Когда органист наконец спустился с хоров, толпа, теснившаяся у подножия лестницы, ожила и приблизилась к музыканту. И каждый горел желанием дотянуться до него, взглянуть на него, восхититься им. Напор был так силен и страстен, что священник, возглавлявший службу, испугался не на шутку и приказал своим помощникам, на которых лежала почетная обязанность поддерживать порядок в храме, защитить органиста. Те принялись яростно орудовать дубинками, расчищая проход в толпе, и препроводили органиста к главному алтарю, пред светлы очи сеньора архиепископа.

— Благодарю вас, — неторопливо проговорил прелат, когда музыкант оказался подле него. — Я посетил сей храм с единым желанием послушать, как вы играете. Смею ли я надеяться, что вы окажетесь менее жестокосердным, нежели предшественник ваш, маэстро Перес, который всякий раз заставлял меня проделывать столь трудный путь, чтобы насладиться дивной музыкой Рождественского сочельника, но только здесь, в этой церкви?

— В следующем году, — с готовностью отозвался органист, — обещаю вам непременно доставить удовольствие своей игрой, правда при одном условии: осыпьте меня хоть всем золотом мира, но ни за что на свете я не притронусь к клавишам именно этого оргáна.

— Отчего же? — резко оборвал его архиепископ.

— Оттого… — пролепетал органист, изо всех сил стараясь сохранить спокойствие и ни единым жестом, ни взглядом, ни гримасой не желая выдать волнение свое, которое, судя по бледному лицу, переполняло его. — Оттого, что инструмент и стар, и плох. С ним я не могу выразить всего, что хотел бы показать.

Паланкин с архиепископом медленно поплыл к выходу в окружении многочисленной челяди, приближенных. Следом потянулись носилки с достопочтенными сеньорами, гордо парили они над площадью, а затем скрывались за поворотами в ближайших переулках. Прихожане мало-помалу неторопливо покидали храм, незаметно растворяясь за его пределами, вот уже появился и монастырский служка; прежде чем затворить на ночь массивные двери, он осмотрел все дальние уголки и закоулки, долгим настойчивым взглядом проводил двух почтенных дам, которые, помолившись в приделе святого Филиппа, осенили себя крестным знамением и двинулись своей дорогой, по переулку Дуэний.

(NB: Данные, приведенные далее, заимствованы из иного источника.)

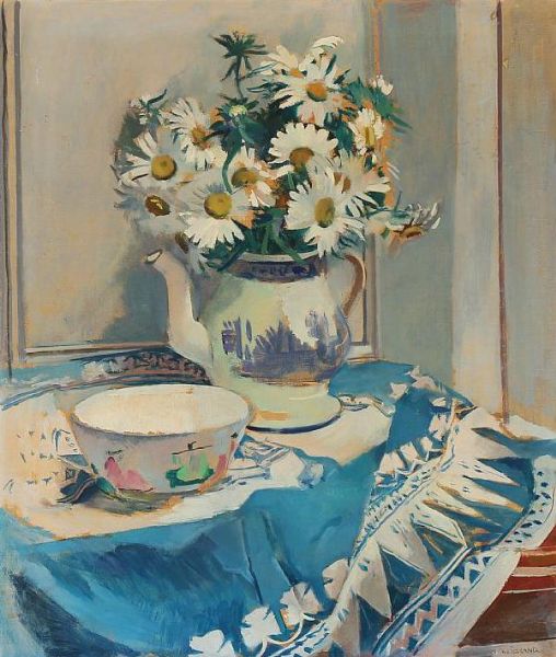| Still Life with Earthenware and flowers on a blue tablecloth | |

— А вы что скажете, донья Бальтасара? — тараторила одна из них. — Конечно, я уверена. Да, каждый сходит с ума по-своему… Меня в этом уверяли сами капуцины, а уж они-то не станут верить чему попало, без разбору… Говорю вам, этот человечишка никогда в жизни не смог бы сам сыграть того, что мы услышали сегодня… О да, я слушала его много раз в церкви Святого Варфоломея. Там — его приход, оттуда его вышвырнул сеньор настоятель, потому что играл безобразно! Какая гадость, впору уши ватой затыкать!.. К тому же достаточно взглянуть ему в лицо, правду говорят, глаза — зеркало души… Точно! Говорю вам, бедолага… А помнится, маэстро Перес в такой же сочельник, бывало, всех заставлял восторгаться своим совершенным мастерством… Счастливая, смиренная улыбка, а лицо? Светится радостью, такое живое!.. И не молод уж был, а выглядел — сущий ангел… не то что этот! Сполз с хоров, будто его там собаки драли. Лицо бледное, как у покойника, а… Говорю вам, донья Бальтасара, так и есть, истинная правда, говорю вам, здесь не все чисто, вот где собака зарыта…

Не сбавляя шага, живо обсуждая эту последнюю сентенцию, обе матроны свернули с площади в переулок и растворились во тьме.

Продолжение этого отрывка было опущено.